Long-term exposure to PM2.5 raises the risk of heart disease, stroke, lung cancer, chronic respiratory disease, and type 2 diabetes. Children and older adults are especially vulnerable. In countries like Bangladesh and Pakistan, where average PM2.5 levels stay elevated year-round, the cumulative effect is a measurable reduction in life expectancy across the entire population. The damage isn’t limited to people with existing health conditions. Healthy adults breathing this air for years develop problems they otherwise wouldn’t.

How the Most Polluted Countries Compare

While Bangladesh leads the rankings, the gap between it and the next few countries is relatively narrow. Pakistan and India consistently rank among the top five, and all three share geographic and economic factors that make improvement difficult: rapid urbanization, heavy reliance on fossil fuels, large agricultural sectors that depend on burning, and limited regulatory enforcement.

African nations like the DRC also rank high, though for somewhat different reasons. Indoor cooking with wood and charcoal, open waste burning, and a lack of monitoring infrastructure all contribute. In many of these countries, there are fewer air quality sensors, so the true pollution levels may be even worse than reported averages suggest.

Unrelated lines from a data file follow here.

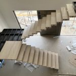 Stiamo parlando di volumi e pesi notevoli: da assemblare interamente sul posto, ossia direttamente nella villa. Abbiamo realizzato pertanto una impalcatura che consentisse di sollevare la struttura della scala senza correre il rischio di graffi e/o ammaccature onde garantire un risultato finale privo di vizi e difetti.
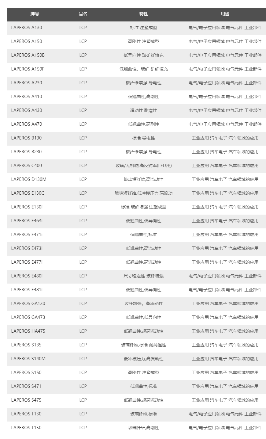 日本-寶理塑料 Laperos LCP主要性能及牌號(hào)大全:
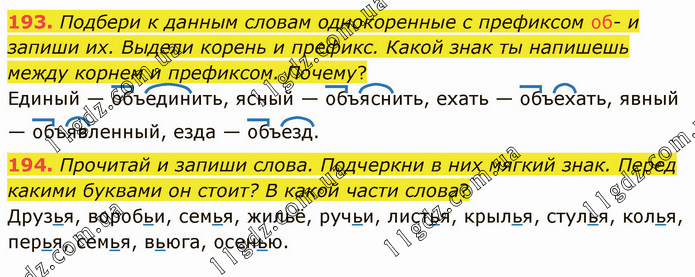 Подбери к данным словам однокоренные с префиксом об- и запиши их. Выдели корень и префикс. Какой знак ты напишешь между корнем и префиксом. Почему? Единый — объединить, ясный — объяснить, ехать — объехать, явный — объявленный, езда — объезд. 194. Прочитай и запиши слова. Подчеркни в них мягкий знак. Перед какими буквами он стоит? В какой части слова? Друзья, воробьи, семья, жильё, ручьи, листья, крылья, стулья, колья, перья, семья, вьюга, осенью.

For comparison, the annual PM2.5 average in cities across Western Europe, North America, and parts of East Asia typically falls between 5 and 15 micrograms per cubic meter. Even at those levels, researchers have found measurable health effects, which is why the WHO tightened its guideline from 10 to 5 micrograms per cubic meter in 2021. Countries at the top of the pollution rankings are operating at concentrations ten to twenty times beyond what the best available science considers safe.